▶ _TASK GOAL_
Nothing should appear in the answer except the lines below from the line containing "Les communes les" through the line containing "Throughout the loft, stained", copied exactly, with pictures left out.
:: ENTRIES SHOWN
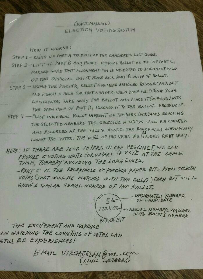 Well, this election voting system on paper says no electricity needed. Voting will be fast for instead of writing, one just needs to punch holes. Reminds me of the beginnings of computing systems where punched cards were used.  Also reminds me of the paper bus tickets in the country.  An entertaining read.
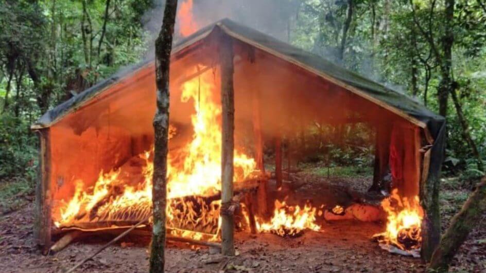 Durante a operação, os policiais destruíram um rancho de caça na mata, que era utilizado pelos caçadores como ponto de parada e também para matarem os animais.
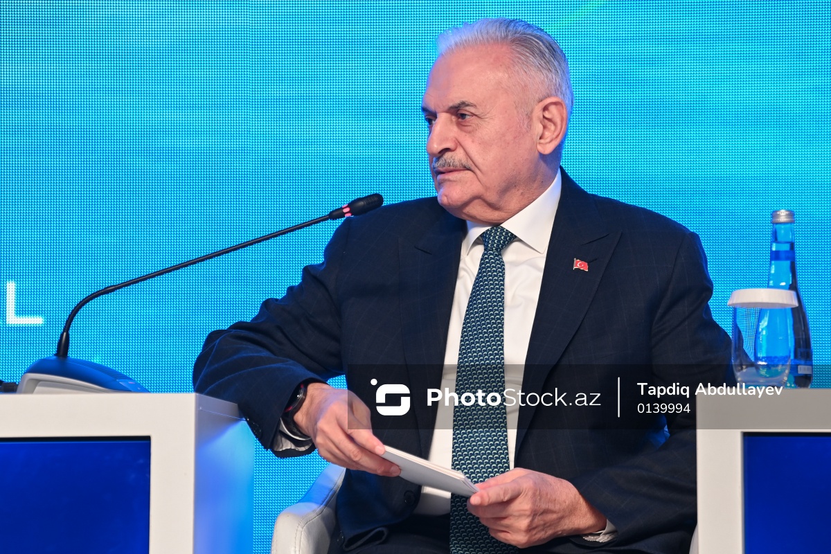 XIII Qlobal Bakı Forumunda çıxış edən Türk Dövlətləri Təşkilatının (TDT) Ağsaqqallar Şurasının sədri Binəli Yıldırım.
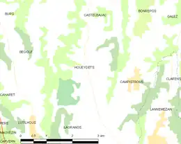 Les communes les plus proches[Note 1] sont[4] : Bégole (2,0 km), Campistrous (2,2 km), Castelbajac (2,5 km), Caharet (3,3 km), Lagrange (3,8 km), Burg (3,9 km), Lutilhous (3,9 km), Bonrepos (4,0 km).
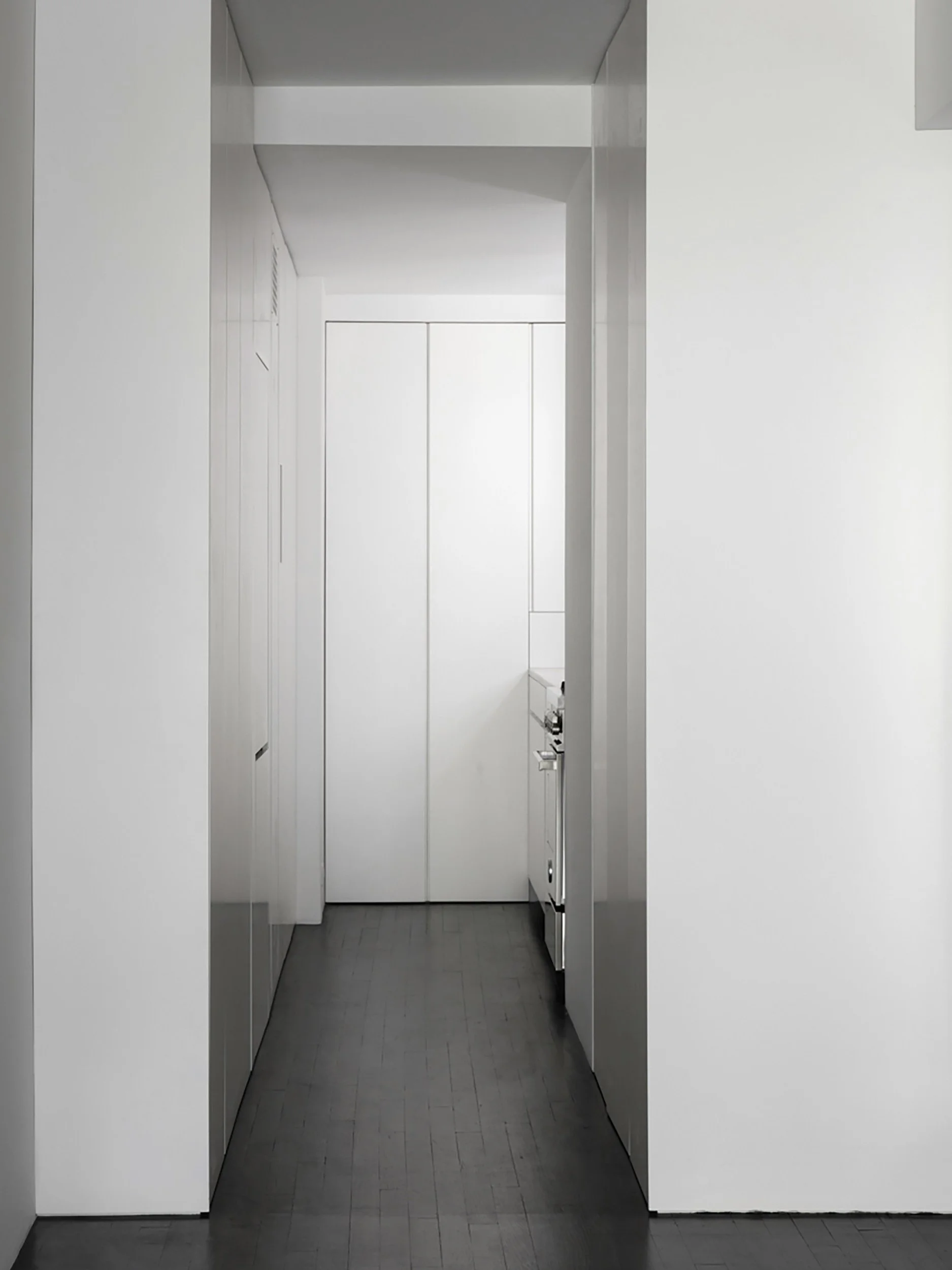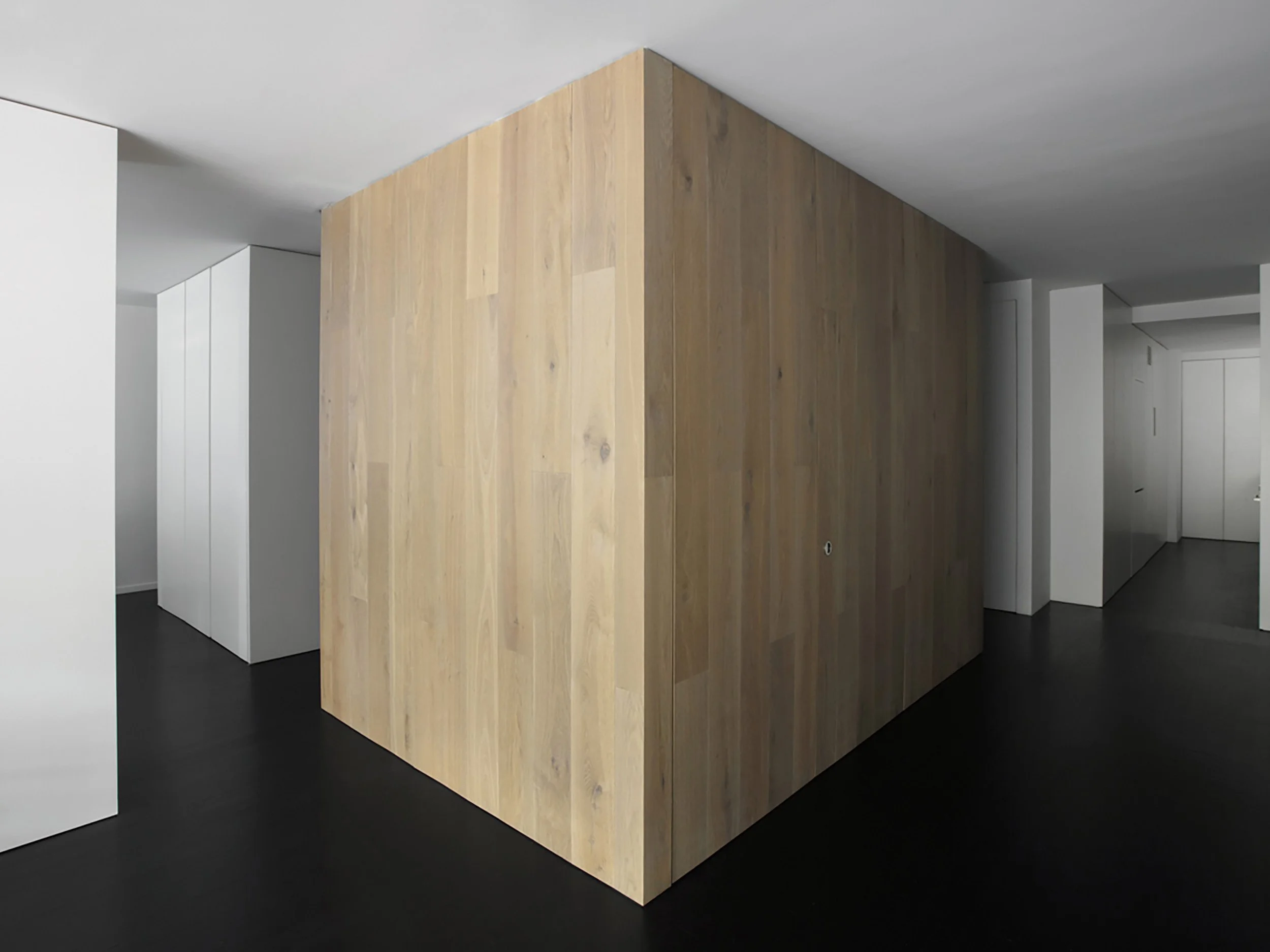 Throughout the loft, stained black floors contrast crisp white walls. A slight gap at the bottom and top of the containers heightens the apartment’s loft-like character. The oak paneling and visible graining on the wood floors introduces organic texture to the otherwise restrained materials palette. In the kitchen, tall, semi-gloss white cabinet doors comprise the kitchen’s back and side walls, camouflaging prep and storage areas.
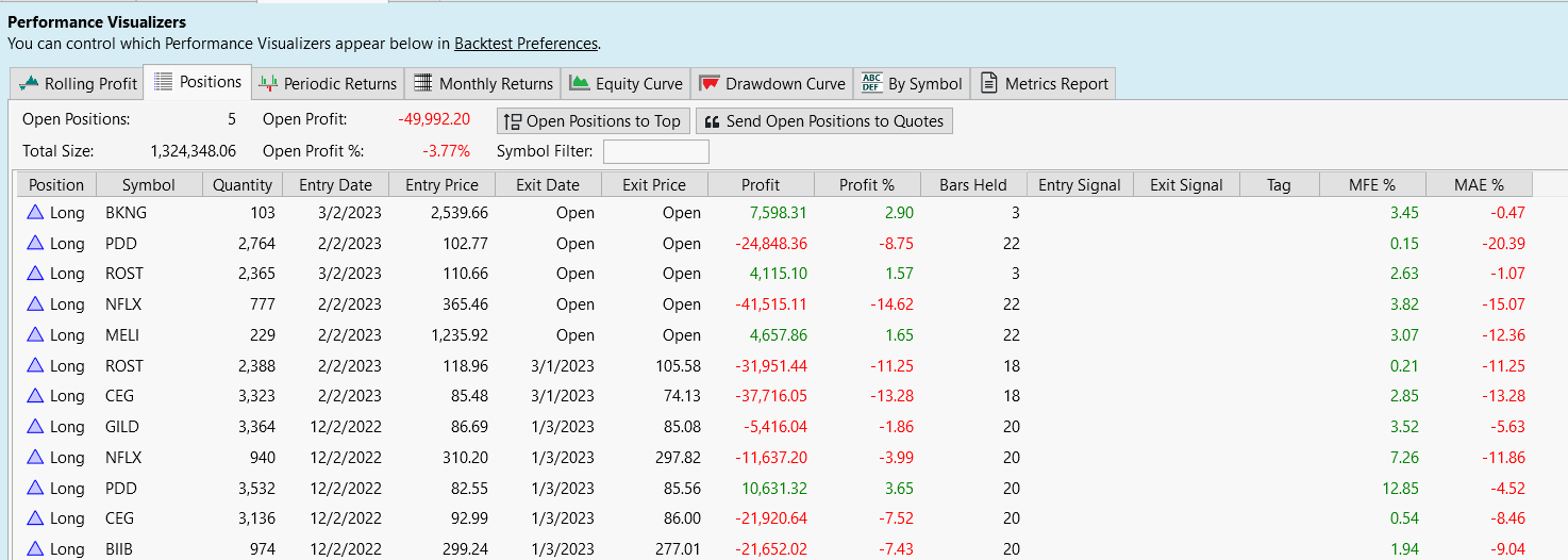 NFLX and MELI are re-signalled. That's why they're not getting closed. I didn't check PDD. Here's code you can substitute for the foreach loop that goes through the OpenPositionsAllSymbols. For the latest month, the buys list has NFLX and MELI in it, meaning they got re-signalled. The debugging code below is very specific to NFLX and MELI, otherwise the debug log gets flooded...
::::
▶ _RESPONSE TO THE EXERCISE_
 Les communes les plus proches[Note 1] sont[4] : Bégole (2,0 km), Campistrous (2,2 km), Castelbajac (2,5 km), Caharet (3,3 km), Lagrange (3,8 km), Burg (3,9 km), Lutilhous (3,9 km), Bonrepos (4,0 km).
 Throughout the loft, stained black floors contrast crisp white walls. A slight gap at the bottom and top of the containers heightens the apartment’s loft-like character. The oak paneling and visible graining on the wood floors introduces organic texture to the otherwise restrained materials palette. In the kitchen, tall, semi-gloss white cabinet doors comprise the kitchen’s back and side walls, camouflaging prep and storage areas.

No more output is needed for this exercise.